When comparing the average of two or more groups with the help of hypothesis tests, the assumption is that the data is a sample from a normally distributed population. That is why hypothesis tests such as the t-test, paired t-test and analysis of variance (ANOVA) are also called parametric tests.
Nonparametric tests do not make assumptions about a specific distribution. If assumptions do not hold, nonparametric tests are a better safeguard against drawing wrong conclusions.
The Mood’s median test is a nonparametric test that is used to test the equality of medians from two or more populations. Therefore, it provides a nonparametric alternative to the one-way ANOVA. The Mood’s median test works when the Y variable is continuous, discrete-ordinal or discrete-count, and the X variable is discrete with two or more attributes.
Examples for the usage of the Mood’s median test include:
A project team wants to determine what drives the lead times of quality control (QC) analyses. One potential X they analyze is the products (A, B, C).Thus, they collect the data of all analysis times over the last three months. A dot plot (Figure 1) of the data shows a lot of overlap between the lead times of the three product groups, but it is hard to tell whether there are significant differences.
The team decides to use a hypothesis test to determine if there are “true differences” between the three product types or simply random differences due to the samples taken.
The team now has the choice between the nonparametric Kruskal-Wallis and the Mood’s median test. Because the latter is more robust against outliers and some extreme values are observed in the QC data, the team decides to use the Mood’s median test.
The null hypothesis, H0, is: The samples come from the same distribution, or there is no difference between the medians of the three products’ analysis times.
The alternative hypothesis, Ha, states: The samples come from different distribution (i.e., at least one median is different).
Although the Mood’s median test does not require normally distributed data, that does not mean that it is assumption free.

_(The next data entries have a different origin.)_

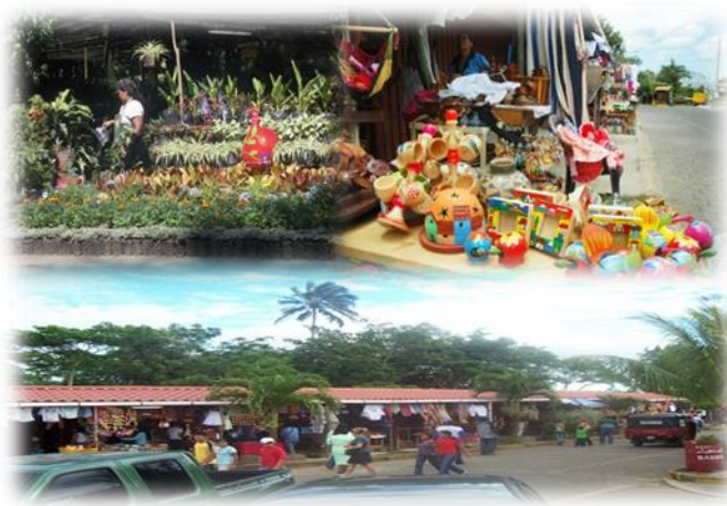
Imagen No.3 Se muestra Comercios en el propio mirador de Catarina tomada por autores en Nov/2014

En la tabla No.2 es posible la apreciación de las cantidades de comercios inscritos según alcaldía municipal de Catarina, de las cuotas en los cuales los Restaurantes la pagan mensualmente, los vendedores ambulantes diariamente, las comiderías y Pizzerías solo pagan matricula más el pago de basura que es mensual estas cuotas 27 son establecidas en proporción a lo que se dedican los comercios en el caso de los puestos de venta de palomitas la cuota mensual es un poco más elevada por lo que ellos ocupan energía eléctrica en estas cuotas ya va incluido el cobro de basura por el mantenimiento de limpieza del mirador de Catarina ilustrado en imagen No.3.
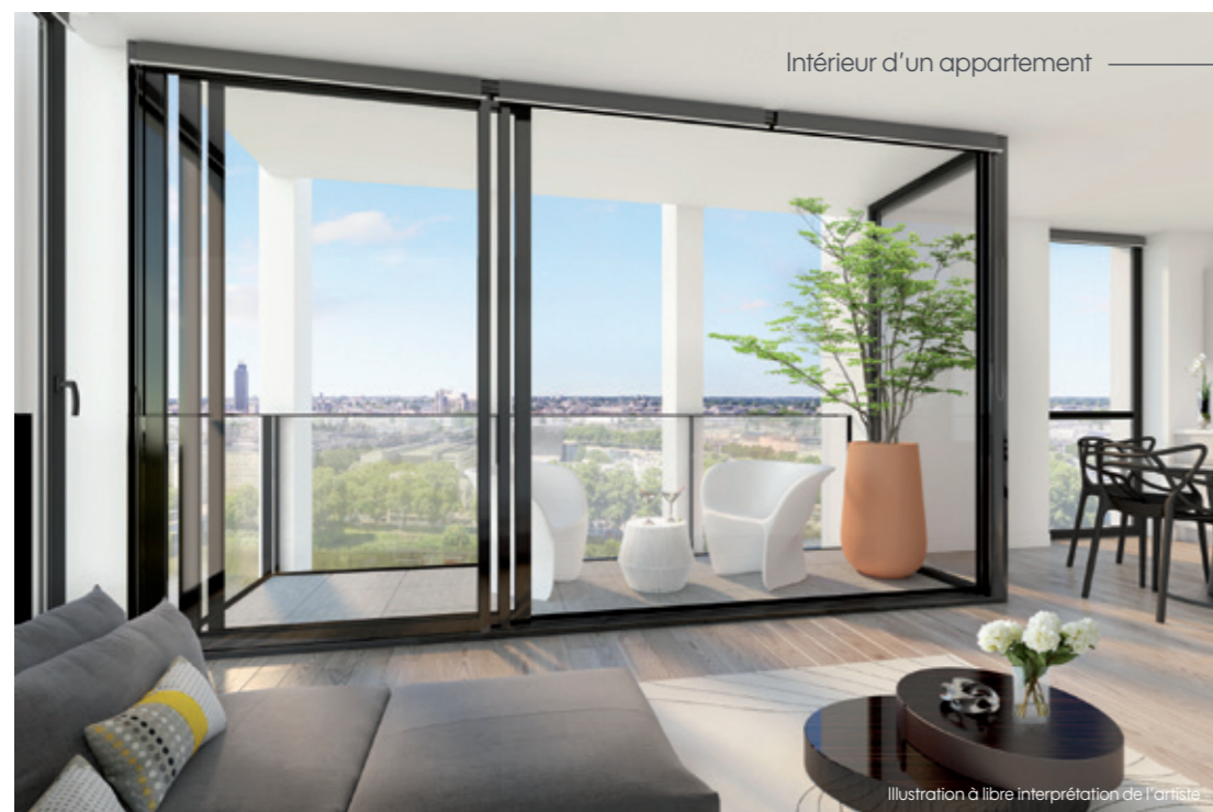
Intérieur d'un appartement

Illustration à libre interprétation de l'artiste
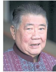
Phumtham: Wants cuts in more areas
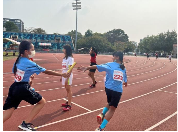
說明：111 年縣運比賽 國小女生 400 公尺接力比賽
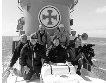
Die „Büsum-Spontan“-Leserjury an Bord der „Rickmer Bock“. Diesmal wurde die Arbeit der Jury von einem Fernsehteam begleitet
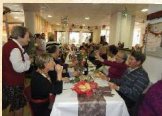
Noël aux Opalines
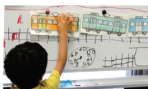
たまおせんせい 美術科教員 公認心理師
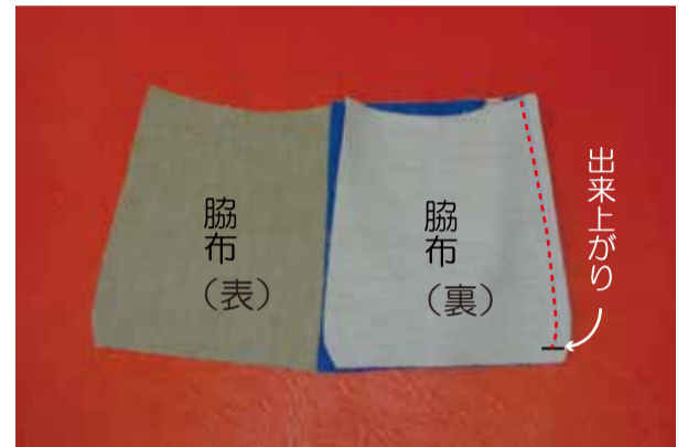
②-2 反対側の脇マチも同様に縫う

The assumptions of Mood’s median test are that the data from each population is an independent random sample and the population distributions have the same shape.
Testing for same shape can ideally be done with the probability plot. A practitioner would now look for a distribution that is the same for all three product groups.
In this case, the probability plot (Figure 3) shows that all data follows a lognormal distribution (p>0.05), which is also typical for cycle time data. If the probability plot does not provide distribution that matches all groups under comparison, a visual check of the data may help. Do the distributions look similarly (e.g., are they all left- or right-skewed, with only some extreme values)?
If the assumptions are met, the Mood’s median test can be conducted. If the p-value is less than the agreed Alpha risk of 5 percent (0.05), the null hypothesis is rejected and at least one significant difference can be assumed. For the QC analysis time, the p-value is 0.016 – in other words, less than 0.05.
The 95 percent confidence intervals of the individual group medians now help to find where the significant difference is. The rule is: If there is no overlap between the confidence intervals, a significant difference can be assumed. In this example, at least product A and C have significantly different analysis times (Figure 4).
The test statistic of the Mood’s median test is actually based on another well known hypothesis test: the chi-square test. This test is usually used to find differences between proportions of two or more groups. But how can it be used to compare medians?
First, practitioners should aggregate the original data into a two-way table following this procedure:
|Table 1: Two-way Contingency Table|
|Overall median = 1.66||Product Type|
|Number of Observations…||A||B||C|
|Less than or equal to overall median||20||16||9|
|Greater than overall median||10||14||21|
The assumption (or null hypothesis) is that if there were no median difference between the groups, the percentage of values below and above the overall median should be equal for each group. The chi-square test can now be used to test this assumption. Low values of chi-square would prove this assumption true; large values would indicate that the null hypothesis is false.
In this project example, the chi-square value is 8.27. The p-value of 0.016 indicates that the probability that such a chi-square value occurs if there are actually no differences between the product type groups is only 1.6 percent. Therefore, the practitioners can conclude that there is at least one significant difference between the groups, with just a 1.6 percent risk of being wrong.